● TASK INSTRUCTIONS:
Each line from the one containing "而且醫生建議「兒童牙刷最好一" to the last line of the listing below is to be duplicated exactly, and no picture is to be carried over.

● INPUT DATA:
BEGIN
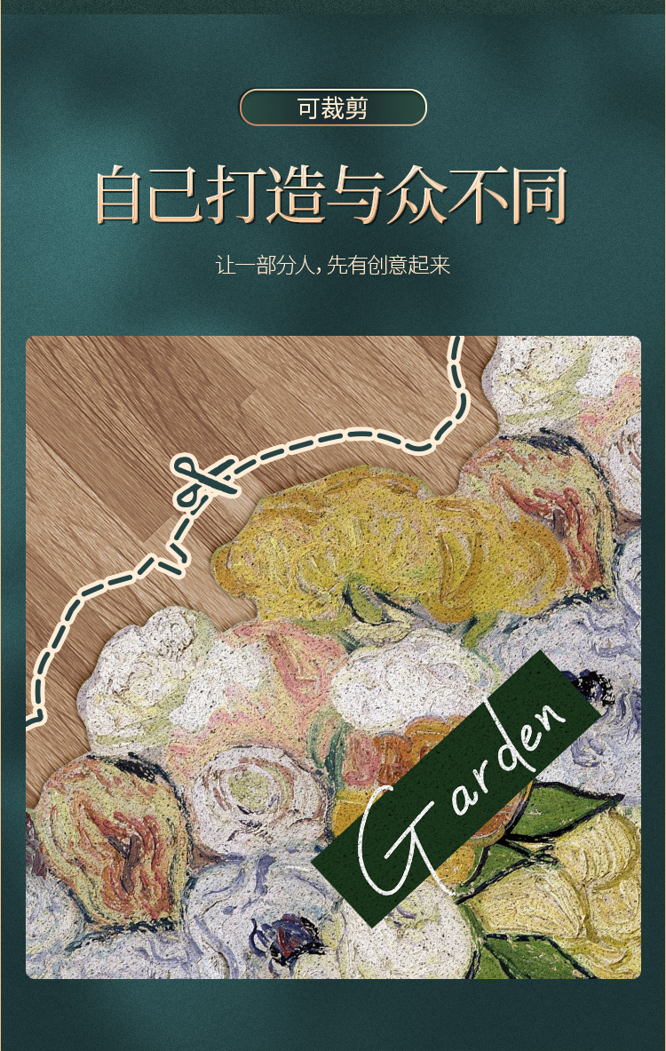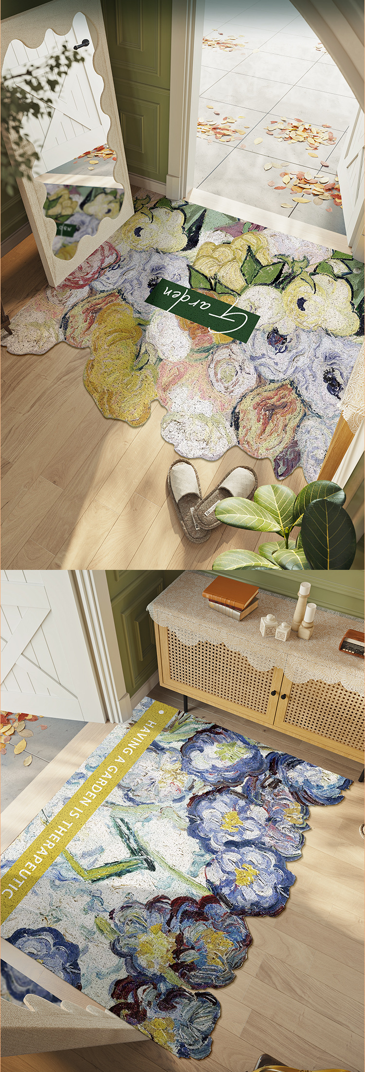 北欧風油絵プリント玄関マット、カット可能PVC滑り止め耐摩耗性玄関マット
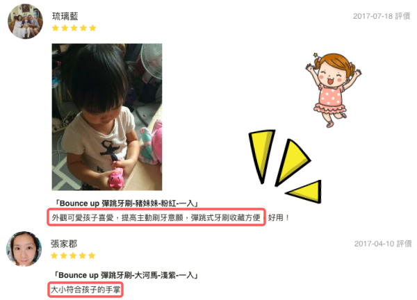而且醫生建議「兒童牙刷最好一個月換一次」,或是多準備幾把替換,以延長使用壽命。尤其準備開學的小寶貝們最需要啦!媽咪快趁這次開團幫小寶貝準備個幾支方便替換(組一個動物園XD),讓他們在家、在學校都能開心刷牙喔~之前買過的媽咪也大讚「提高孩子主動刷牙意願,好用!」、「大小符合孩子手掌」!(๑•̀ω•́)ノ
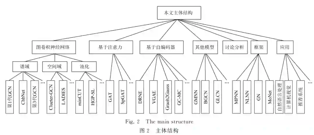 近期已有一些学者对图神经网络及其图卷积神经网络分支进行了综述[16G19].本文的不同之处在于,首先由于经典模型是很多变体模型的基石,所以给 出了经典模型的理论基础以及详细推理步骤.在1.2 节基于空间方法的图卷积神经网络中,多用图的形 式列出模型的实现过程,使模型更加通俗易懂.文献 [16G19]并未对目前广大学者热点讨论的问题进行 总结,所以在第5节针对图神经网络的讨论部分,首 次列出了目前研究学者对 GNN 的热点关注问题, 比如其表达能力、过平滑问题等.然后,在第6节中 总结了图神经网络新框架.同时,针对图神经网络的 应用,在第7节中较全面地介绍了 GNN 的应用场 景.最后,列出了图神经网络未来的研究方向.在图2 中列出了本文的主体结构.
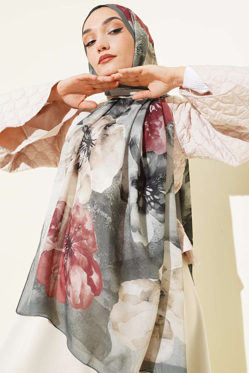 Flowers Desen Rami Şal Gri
END
● RESULT FOR THIS EXERCISE:
而且醫生建議「兒童牙刷最好一個月換一次」,或是多準備幾把替換,以延長使用壽命。尤其準備開學的小寶貝們最需要啦!媽咪快趁這次開團幫小寶貝準備個幾支方便替換(組一個動物園XD),讓他們在家、在學校都能開心刷牙喔~之前買過的媽咪也大讚「提高孩子主動刷牙意願,好用!」、「大小符合孩子手掌」!(๑•̀ω•́)ノ
 近期已有一些学者对图神经网络及其图卷积神经网络分支进行了综述[16G19].本文的不同之处在于,首先由于经典模型是很多变体模型的基石,所以给 出了经典模型的理论基础以及详细推理步骤.在1.2 节基于空间方法的图卷积神经网络中,多用图的形 式列出模型的实现过程,使模型更加通俗易懂.文献 [16G19]并未对目前广大学者热点讨论的问题进行 总结,所以在第5节针对图神经网络的讨论部分,首 次列出了目前研究学者对 GNN 的热点关注问题, 比如其表达能力、过平滑问题等.然后,在第6节中 总结了图神经网络新框架.同时,针对图神经网络的 应用,在第7节中较全面地介绍了 GNN 的应用场 景.最后,列出了图神经网络未来的研究方向.在图2 中列出了本文的主体结构.
 Flowers Desen Rami Şal Gri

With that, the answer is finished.